Write a letter in support of an apartment building or an op-ed in favor of up-zoning.
Support a road diet.
Get on the phone and ramble incoherently at your representatives about increasing transit funding, bonus points for calling while using public transit.
Vote for people who support these things. Just do it, because when we don’t say yes to sensible governance, those who govern only hear the “No’s,” and when they govern based on the “No’s,” there are serious damaging consequences. Hell, I got kicked out of my house.
I like your new place (although I’m sure you pay for it).
Good write-up. I’m going to share it!
But I strong dislike your BuzzFeed-ish click-bait headline.
Hey now, I wrote that headline. It’s called “irony”, Mr. Hood. For someone who wears pink shorts, you should have heard of it by now.
Whoa, does this personal attack meet the new comment policy?!
Those shorts are salmon, and my other four pairs are nantucket red, not pink. Get your colors right Mr. Lindeke.
I once knew some shorts from Nantucket…
That had a zipper so long I could….
Just in case anyone wants to take an opportunity to sign up with an organization working on getting better bike, walk and transit funding statewide:
http://www.transportationforwardmn.org/become-a-supporter/
I’m a Minneapolis landlord and I actively support upzoning, transit funding, rezoning – all of it. We have a grandfathered duplex that would make a good triplex, but I can’t do that. Even if, god forbid, it was destroyed the zoning laws won’t even allow me to replace it with anything but a single family. All of our properties are within a 10 minute bike ride, and this is total YIMBY stuff.

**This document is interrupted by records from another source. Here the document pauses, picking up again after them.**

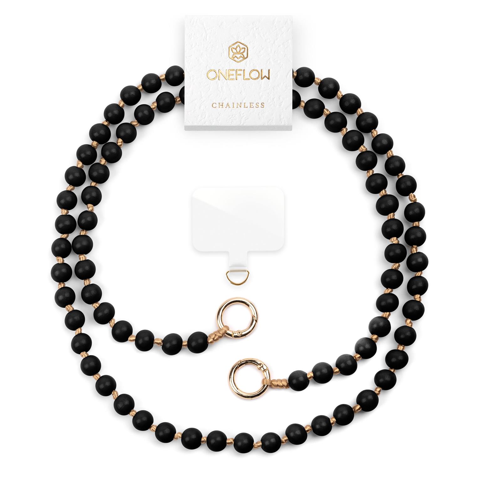 ONEFLOW Universal Handykette Holzperlen abnehmbar – Chainless Terra Chain – Obsidian Black (Schwarz)
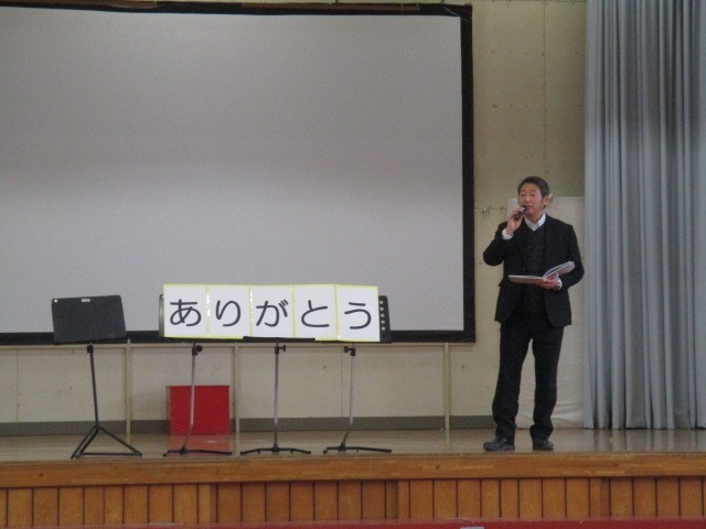 今年度も最後の全校朝会になりました。今回は、谷川俊太郎さんの「ありがとう」の詩を紹介しました。普段、当たり前と思っていることが、実は当たり前ではなく、誰かのお陰であることを子供たちに訴えかけました。「ありがとう」は魔法の言葉です。言った人も言われた人も心がポカポカします。「卒業式」や「修了式」に向けて、宮上小学校に「ありがとう」の言葉がが溢れるといいなと思います。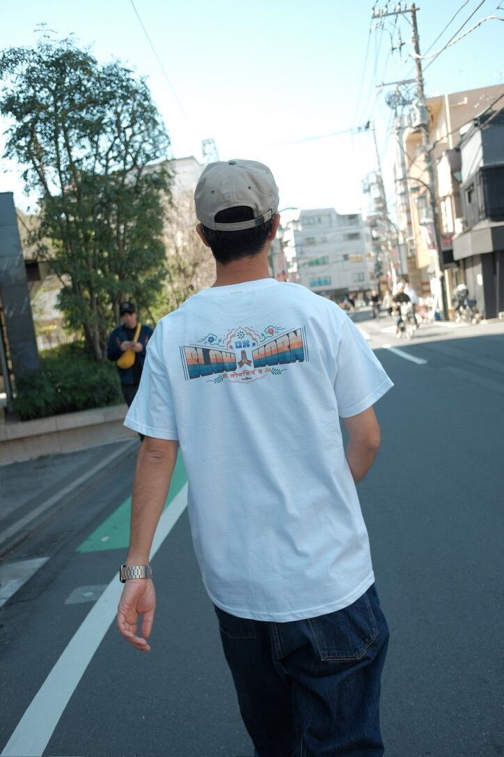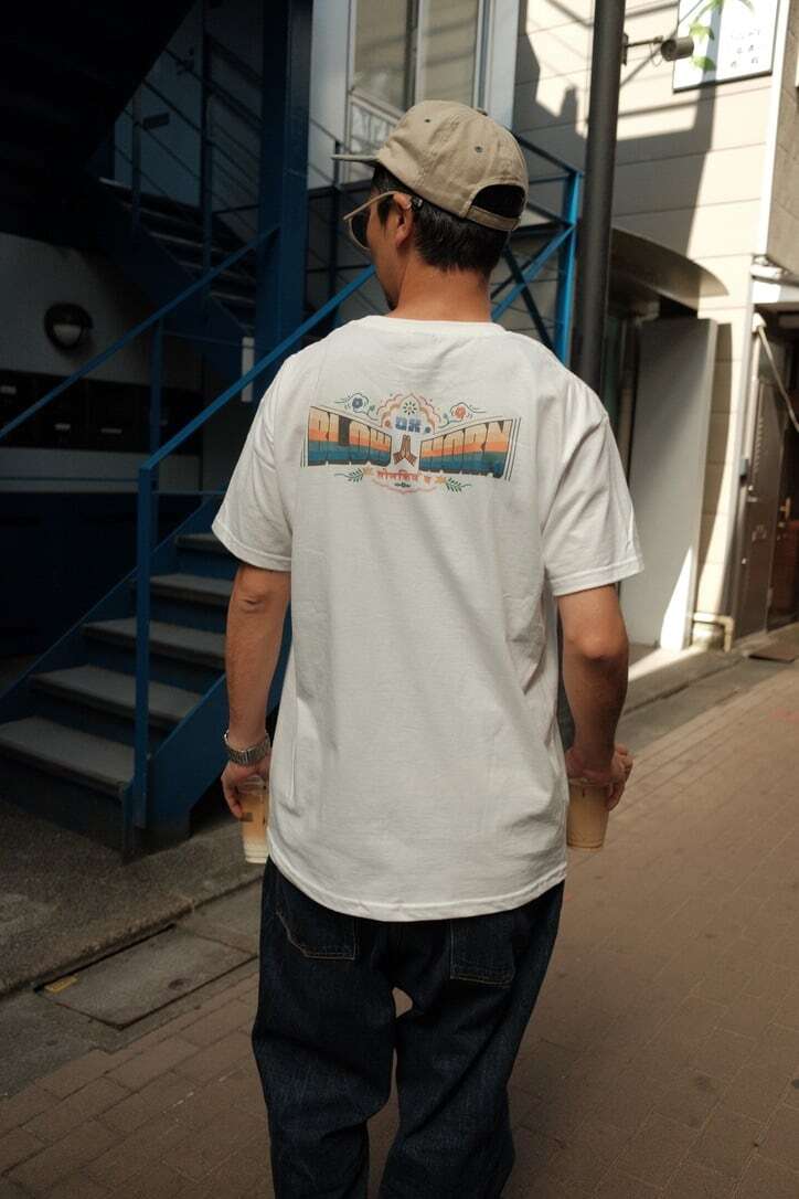 そのインドのトラックの装飾にインスパイアされて、オリジナルのデザインを制作しバックプリントにしました。インクジェットプリントにすることで、手書き感や掠れなどの風合いを表現されています。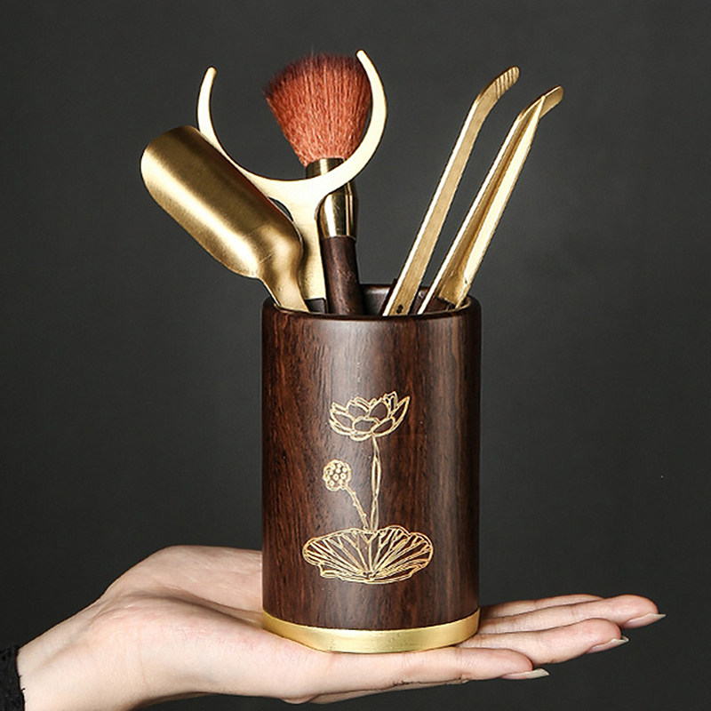 Copper ebony wood tea ceremony 6 six gentlemen set kung fu tea set kung fu tea accessories tea clip pot pen tea knife making tools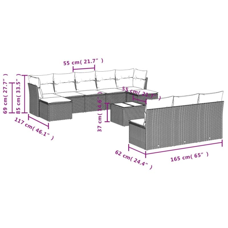 Градински комплект с възглавници, 11 части, светлосив полиратан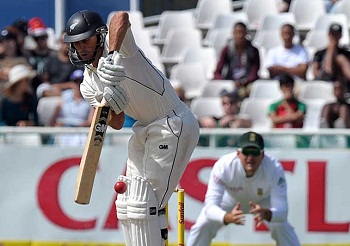 The Kiwis faced another setback when their prominent opener, Martin Guptill lost his wicket without a run on board. Kane Williamson joined in with Brendon McCullum as they found it hard to post runs on board swiftly and got just six runs in the first six overs. Williamson hit 2 fours in the next couple of overs as McCullum secured his wicket at the other side. The pair crept to 29 in 17.4 overs when Kane Williamson was caught in the second slip by Alviro Petersen off Jacques Kallis for 15. The young Dean Brownlie joined in next with McCullum who scored his first four on the 57th delivery he faced. Brownlie preferred to play his shots by sending the ball out of the fence thrice off Vernon Philander in the 20th over.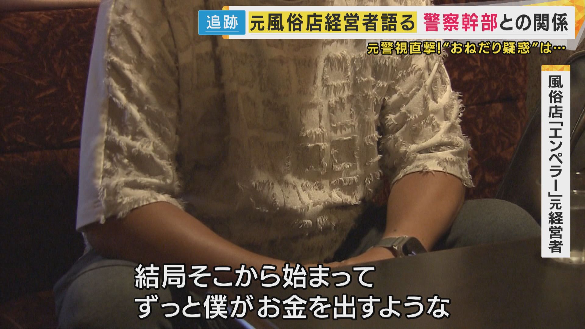 【風俗店「エンペラー」元経営者】「ご飯食べて飲んでいる時に、元警視は『うちの会社(警察)はおたくの業務に対して挙げようと思えば、すぐに挙げられるからね』、『いつでも摘発できるぞ』みたいな言い方をされたんです。『うち(警察)が目つむってるようなもんだからね』って」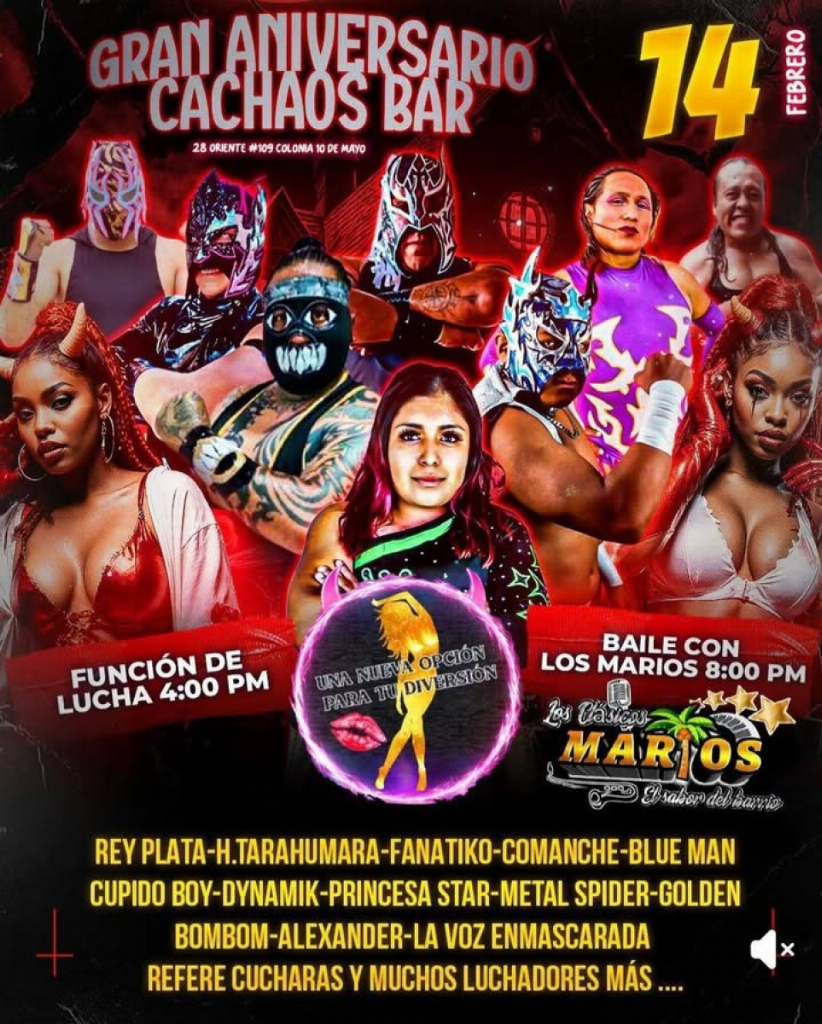 Indy (SAT) 02/14/2026 Gran Aniversario Cachaos Bar, Puebla, Puebla 1) Rey Plata vs Hijo del Tarahumara, Fanatiko, Comanche, Blue Man, Cupido Boy, Dynamik, Princesa Star, Metal Spider, Golden, Sexy Bombón, Alexander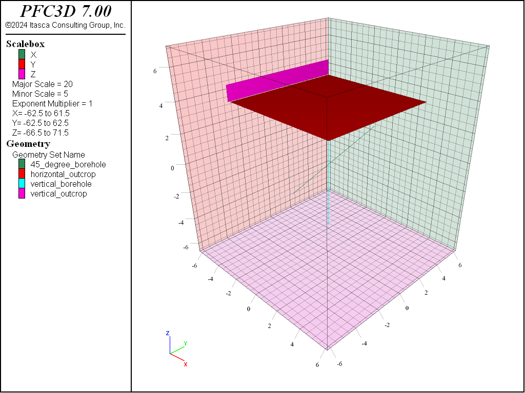For visualization and calibration purposes, several geometry objects are defined to mimic outcrops and boreholes. It is possible to compute the intersections between fractures and 1D or 2D geometries, and analyze/visualize these intersections. Two boreholes (one vertical and one dipping 45°) plus two outcrops are defined. Outcrops are composed of a single planar (2D) polygon; boreholes are defined as 1D lines. Note that it is also possible to model boreholes by cylindrical geometries:

You have a one year window to re-establish a previously existing nonconforming use in the case of something that destroyed a structure. But in practice it’s hard to do. Case in point: https://streets.mn/2015/11/18/sensible-infill-development-blocked-by-zoning-in-minneapolis/
My dude. You’re very good.
I’m also a Minneapolis Landlord and fully support upzoning as I could add housing units to my current duplexes too. I’m limited to the R2B as described in June downzoning discussion where it used to all be R6. We recently had to change a property we bought that was an “illegal triplex” back to a duplex. When I went to the city to see if I could keep it a triplex, they commented I couldn’t even petition for a variance since the lot is 6″ too narrow thus administratively not open for discussion.
Out of curiosity, did you look for places in more affordable parts of St. Paul, such as Payne-Phalen for instance? Did you encounter the same competition?
No. I wanted to stay in my neighborhood!